- [WHAT IS BEING ASKED] Each line in the material below, starting at the one with "- Woman Concentrating" and ending at the one with "A GNR apreendeu", is to be reproduced exactly; no picture is to be copied.

- [WORKING DATA]
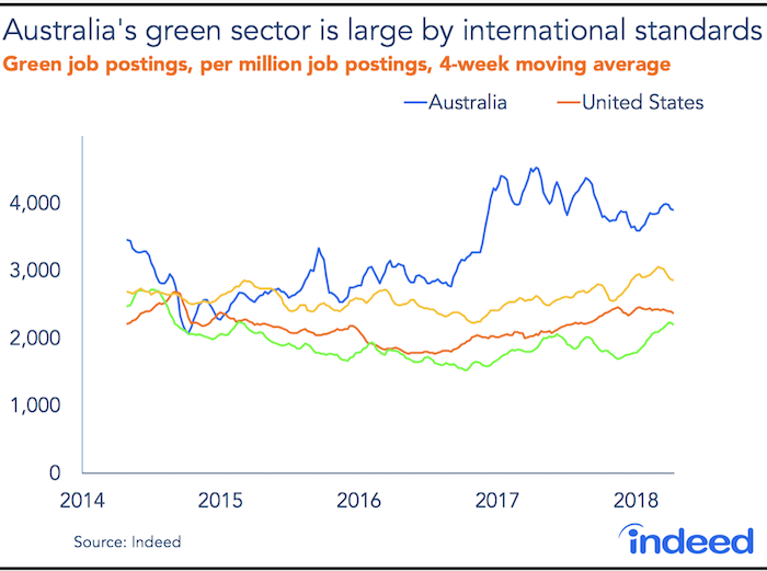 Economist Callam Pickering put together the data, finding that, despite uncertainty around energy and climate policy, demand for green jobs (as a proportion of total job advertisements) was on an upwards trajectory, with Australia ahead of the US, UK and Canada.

--

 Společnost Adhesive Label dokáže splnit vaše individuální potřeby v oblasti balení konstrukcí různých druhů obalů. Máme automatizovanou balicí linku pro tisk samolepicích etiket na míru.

--

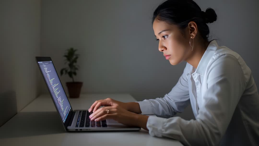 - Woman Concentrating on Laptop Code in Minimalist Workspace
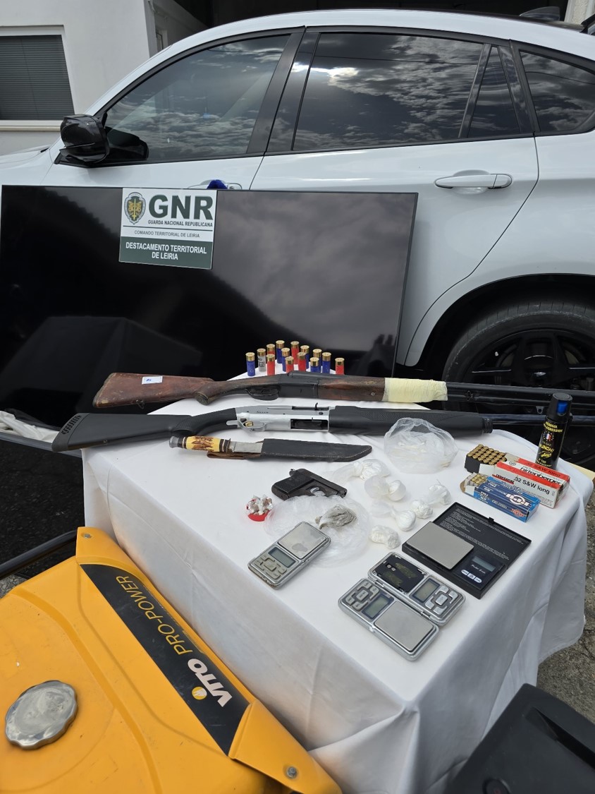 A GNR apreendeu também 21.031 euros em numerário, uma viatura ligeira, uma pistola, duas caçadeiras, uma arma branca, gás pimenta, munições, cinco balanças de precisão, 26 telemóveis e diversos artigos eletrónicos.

- [SOLUTION TO THE PROBLEM]
 - Woman Concentrating on Laptop Code in Minimalist Workspace
 A GNR apreendeu também 21.031 euros em numerário, uma viatura ligeira, uma pistola, duas caçadeiras, uma arma branca, gás pimenta, munições, cinco balanças de precisão, 26 telemóveis e diversos artigos eletrónicos.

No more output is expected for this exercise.